Technology development for carbon measurement, monitoring, reporting, and verification has emerged as an active venture capital category. Companies developing satellite-based monitoring of emissions, IoT-based monitoring of land-based carbon stocks, and various analytical capabilities supporting carbon market integrity have attracted substantial investment. The technology infrastructure supporting carbon markets is improving in ways that should further support the market’s development.

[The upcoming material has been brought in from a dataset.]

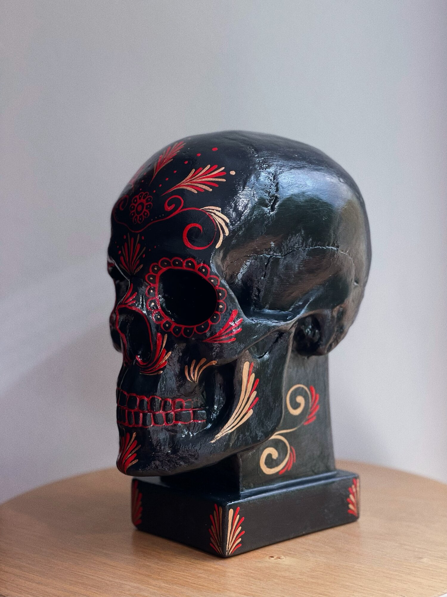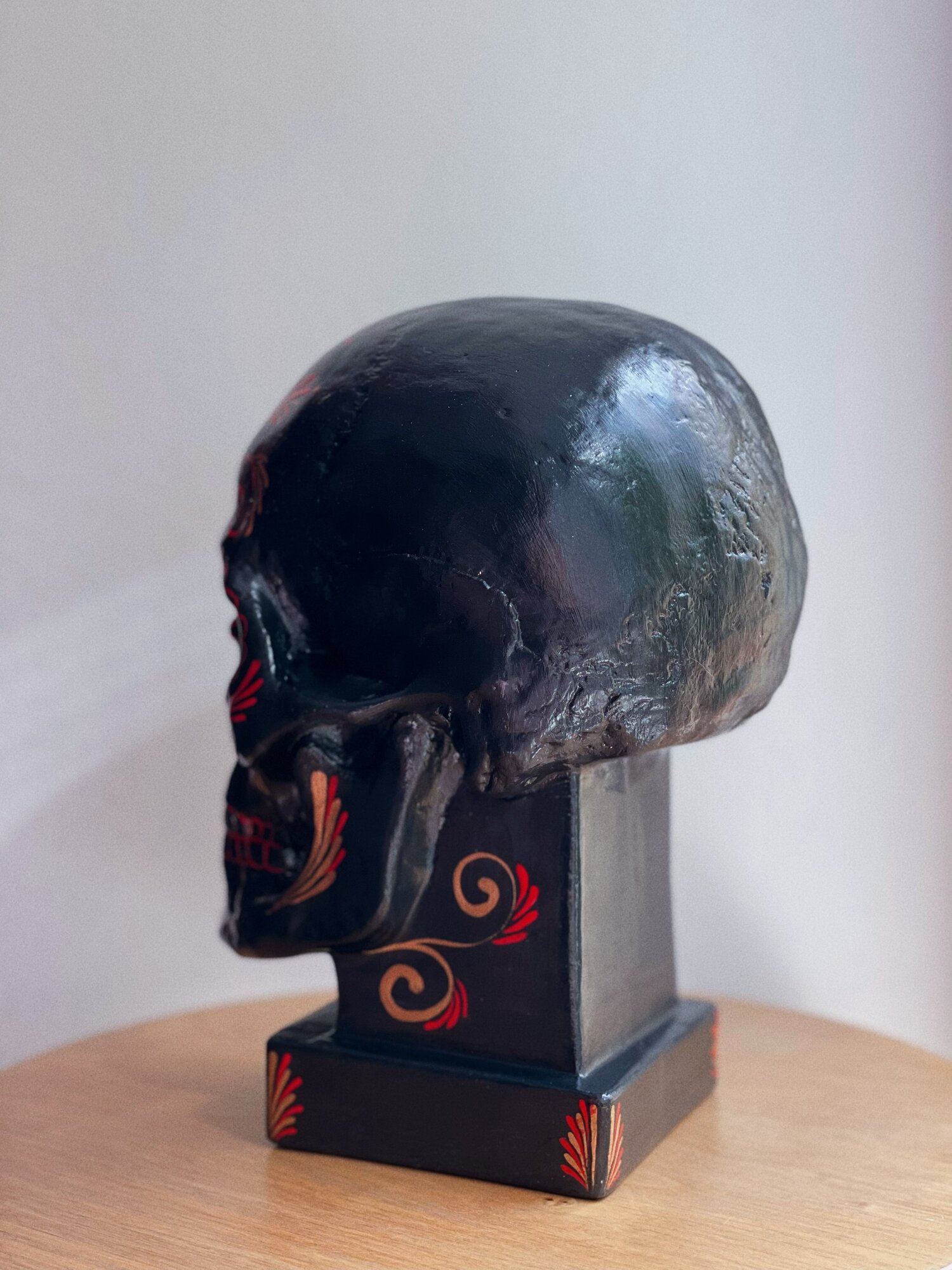Гипсовая статуэтка "Череп на подставке", красный цвет, размер 26 х 19 см

India’s Carbon Market Development
India’s carbon market development has accelerated through the establishment of the Carbon Credit Trading Scheme, which has been progressively implementing a domestic compliance carbon market for Indian industry. The scheme builds on the earlier Perform Achieve Trade scheme for energy efficiency and represents a structured progression toward more comprehensive carbon market coverage in India. The pace of implementation has been gradual, but the trajectory toward a substantial Indian carbon market is established.
Indian participation in voluntary carbon markets has been significant, with Indian projects representing a substantial share of certain voluntary credit categories including renewable energy credits, biomass-based credits, and various other project types. The challenges that affected the broader voluntary market have affected Indian project developers, who have had to adapt to the methodology and integrity requirements that have strengthened.
What This Means for Business Leaders
For business leaders, the practical implications of the carbon market development are several. The carbon pricing exposure that companies face through compliance markets and through carbon border adjustments has become a significant element of operating cost management for companies in affected sectors. Strategic decisions about carbon emissions reduction, including capital investment in lower-emission technology and operational changes, are increasingly influenced by the carbon price signals that the markets produce.
The voluntary market participation requires more rigorous evaluation and more transparent communication than was common during the earlier voluntary market growth period. Companies using voluntary credits as part of their climate strategy need to invest in the analytical capability to evaluate credit quality, the risk management to address potential credibility issues, and the communications discipline to describe their offset activity accurately to stakeholders.
The business opportunity in carbon markets — both through participation in markets and through provision of services that support market operation — is real and growing. The companies that engage thoughtfully with this developing infrastructure will be positioned for participation in what is becoming a substantial and durable element of the global commercial environment.